Centrale Raad van Beroep

Datum uitspraak
13 november 2018
Publicatiedatum
15 november 2018
Zaaknummer
16/3158 PW
Instantie
Centrale Raad van Beroep
Type
Uitspraak
Rechtsgebied
Bestuursrecht; Socialezekerheidsrecht
Procedures
  • Hoger beroep
Vindplaatsen
  • Rechtspraak.nl
AI samenvatting door LexboostAutomatisch gegenereerd

Hoger beroep tegen afwijzing bijstandsaanvraag op basis van inkomen uit verhuur

In deze zaak heeft appellante hoger beroep ingesteld tegen de uitspraak van de rechtbank Rotterdam, die op 31 maart 2016 haar beroep tegen de afwijzing van haar aanvraag om bijstand op grond van de Wet werk en bijstand (WWB) ongegrond verklaarde. De Centrale Raad van Beroep oordeelt dat het college van burgemeester en wethouders van Maassluis de aanvraag terecht heeft afgewezen, omdat appellante over een inkomen beschikte dat hoger was dan de bijstandsnorm. Appellante had haar woning verhuurd en ontving maandelijks een bedrag van € 1.350,-, wat in combinatie met andere inkomsten leidde tot de conclusie dat zij niet in aanmerking kwam voor bijstand.

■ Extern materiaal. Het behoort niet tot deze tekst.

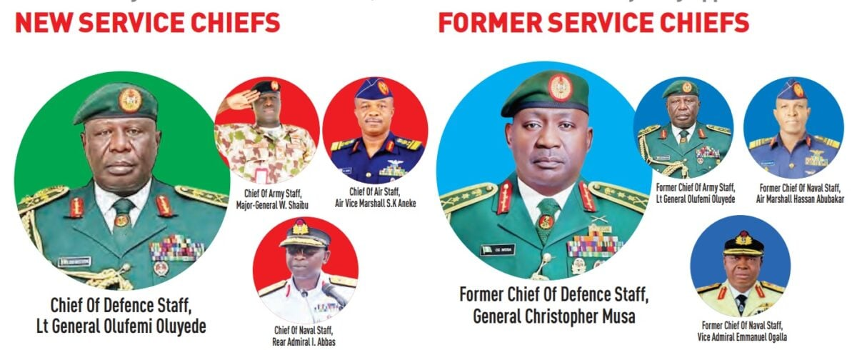 Their replacements include General Olufemi Oluyede as Chief of Defence Staff, Major-General W. Shaibu as Chief of Army Staff, Air Vice Marshal S. K. Aneke as Chief of Air Staff, and Rear Admiral I. Abbas as Chief of Naval Staff.
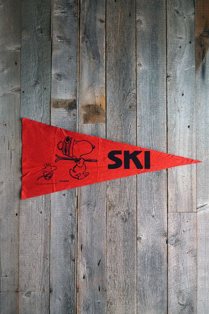 - ビンテージSNOOPYペナントB [goe-338]検アメリカ/USA/コレクション雑貨/197年代レッド/スキーデザインスヌーピー壁貼りインテリア雑貨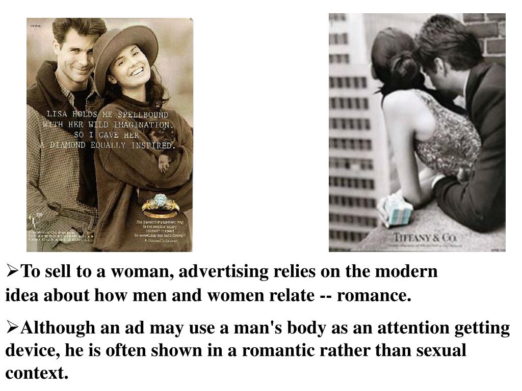 To sell to a woman, advertising relies on the modern idea about how men and women relate -- romance. • Although an ad may use a man's body as an attention getting device, he is often shown in a romantic rather than sexual context.

Appellante verzocht het college om terug te komen van het eerdere besluit, onder verwijzing naar een fiscale aanslag die zij had ontvangen. Het college weigerde dit verzoek, omdat de aanslag niet als nieuw feit werd beschouwd. De Raad bevestigt deze afwijzing en stelt dat de fiscale aanslag niet relevant is voor de beoordeling van het recht op bijstand volgens de WWB. De Raad benadrukt dat de beoordeling van inkomen voor bijstandsverlening niet gebaseerd kan worden op fiscale inkomensbegrippen, maar op de specifieke regels van de WWB.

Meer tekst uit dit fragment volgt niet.